Глава 39
Траханиотова привезли на Красную площадь, когда уже смеркалось, и лютый зной начал понемногу ослабевать. Но людское море, раскинувшееся окрест, и не думало расходиться по домам. Еще не насытилось оно кровью, не задумалось: а ну как придется отвечать за все, что натворили? Хмель дикой вольницы, вырвавшийся из-под спуда, крепко ударил в головы…

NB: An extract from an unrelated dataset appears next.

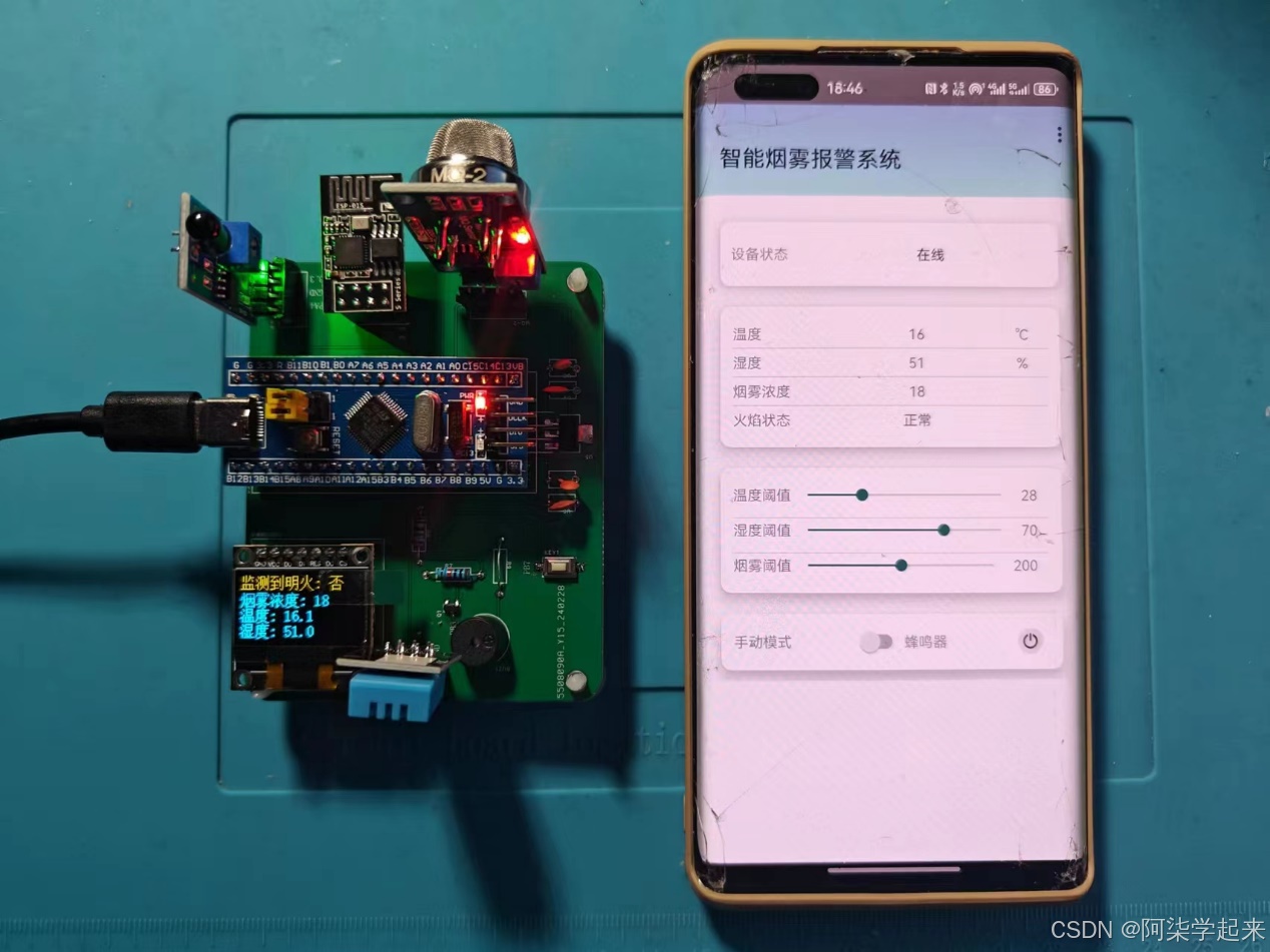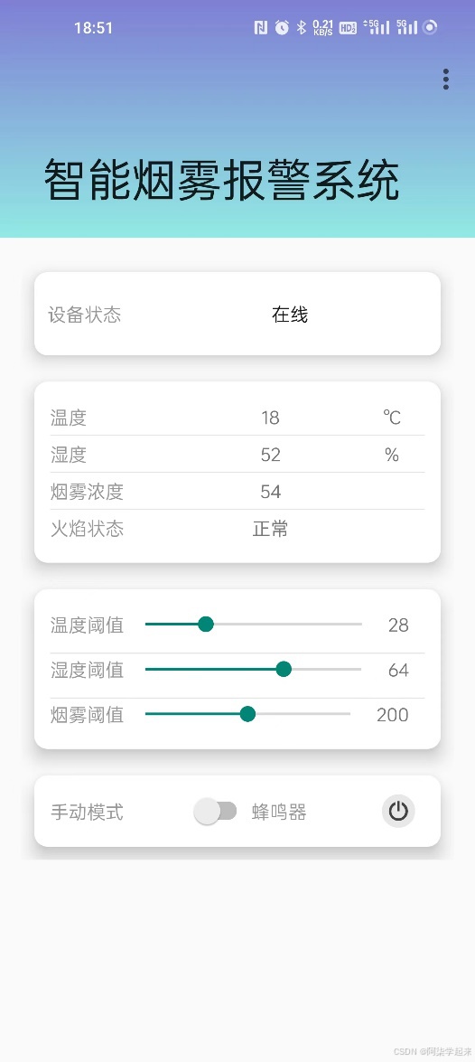 - 当烟雾浓度,温湿度超过设定阈值,LED报警灯亮和蜂鸣器响,实现声光报警

– А-а-а!!! – взвился к темнеющему небу жуткий тысячеголосый вой, когда трясущегося окольничего вытолкнули из возка. И людская масса всколыхнулась, устремилась к обреченному с лютой руганью, гоготом и проклятиями. Если бы не тройная цепь стрельцов, выстроенная загодя, – порвали бы в клочья прямо на месте. А так – удалось сдержать, хоть и с великим трудом. И ценою малой крови: тех, кто своей ли волей, напором ли задних рядов налетел на острия стрелецких бердышей.
Петр Тихонович, стуча зубами и лишь чудом не опорожнив мочевой пузырь, затравленно озирался по сторонам. Хотел что-то сказать – не смог, внезапный спазм перехватил горло. Хотел бухнуться на колени – даже этого не сумел, словно судорогой свело все тело… С отчаянной надеждой смотрел в проем Фроловских ворот – совсем ведь близко, может, сумеют довести… А там вымолит пощаду у государя… Наверняка вымолит! Ну, грешен, во многом виноват… но не так же, как Плещеев, а тем более – Морозов! Лишь бы сдержали подлую чернь, пока за ними ворота не затворят…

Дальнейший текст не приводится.